Artificial Intelligence

AI is a form of a smart machine that can perform a task that requires human intelligence. This form allows the machine to perceive its surroundings and therefore, able to perform the appropriate action in its given environment. The AI should be able to think rationally like a human. Being able to think and act like a human is based on the machine’s ability to process reason. Once the machine is able to comprehend reason, it will then be able to apply it. An “AI is a set of algorithms and intelligence to try to mimic human intelligence. ML is one of them, and deep learning is one of those ML techniques” (Builtin, 2019).

It works similarly to ML, however, it does not focus on finding the most successful approach in solving a problem and the highest level of accuracy. AI instead focuses on stimulating natural intelligence in solving complex problems. AI is seen as an application in which it does smart work and ML is a concept where a user inputs data and the set algorithm would perform calculations and output an answer. ML ’s goal is to automate tasks in such a way that maximizes the performance of completing a task. ML attempts to learn new things whereas AI focuses on decision making. AI will find optimal data and ML will find the only solution that will simplify the problem and performs the task at hand efficiently (Sharma, 2018).

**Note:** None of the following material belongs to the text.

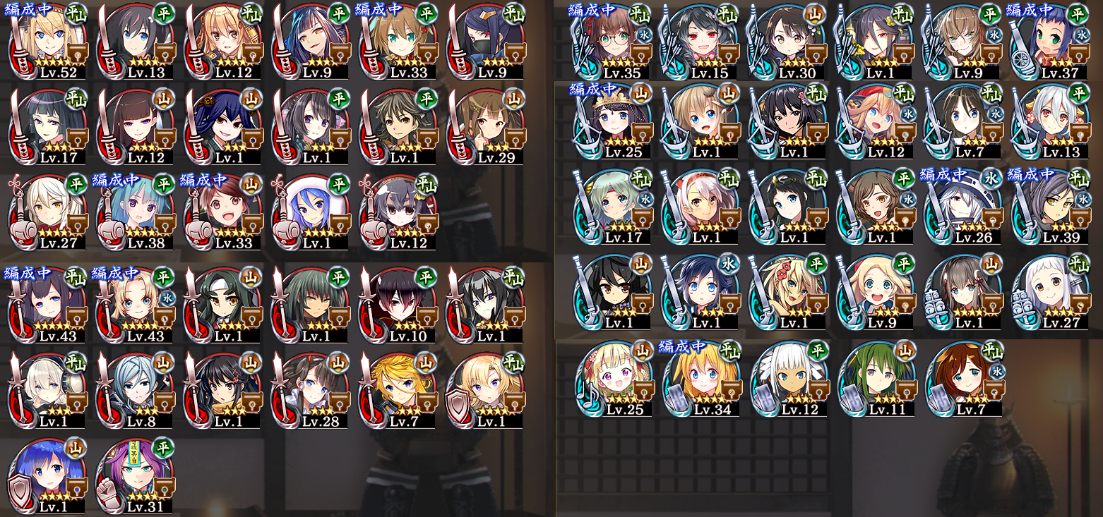 そろそろ一週間になるのですが、リセマラ数回で来てくれたウィンザー城の計略に頼りきりで突き進んできた影響か、大将やゾウ等が複数で出てくると一気に泥仕合になります。政宗には単騎で突破されてしまいました。手持ちを晒すので、育成指南やキャラの相性、今後ピックアップされたら狙い目の子などがいたら教えていただけないでしょうか?(☆2以下は限凸して保管庫にいます)

From the information that we have, the question that needs to be answered, is whether AI could be used for a cyberattack. According to an article called “Use of ML and AI in BlackHat hacking”, the answer is simple, AI and ML can be used for a cyberattack. How this could occur may include the use of smart botnets, where they are able to communicate amongst those that are on the same network, and can then simultaneously launch an attack on a cluster-type-base. These botnets are able to share information locally, therefore the higher number of botnets present results in an increase in intelligence, and it does not require end-user control. These botnets use hive nets, where they can learn for their past behaviors of an attack and therefore able to commit a better attack in the future. This allows the collective behavior of botnets to be decentralized from each other, therefore making an ‘Internet of Things’.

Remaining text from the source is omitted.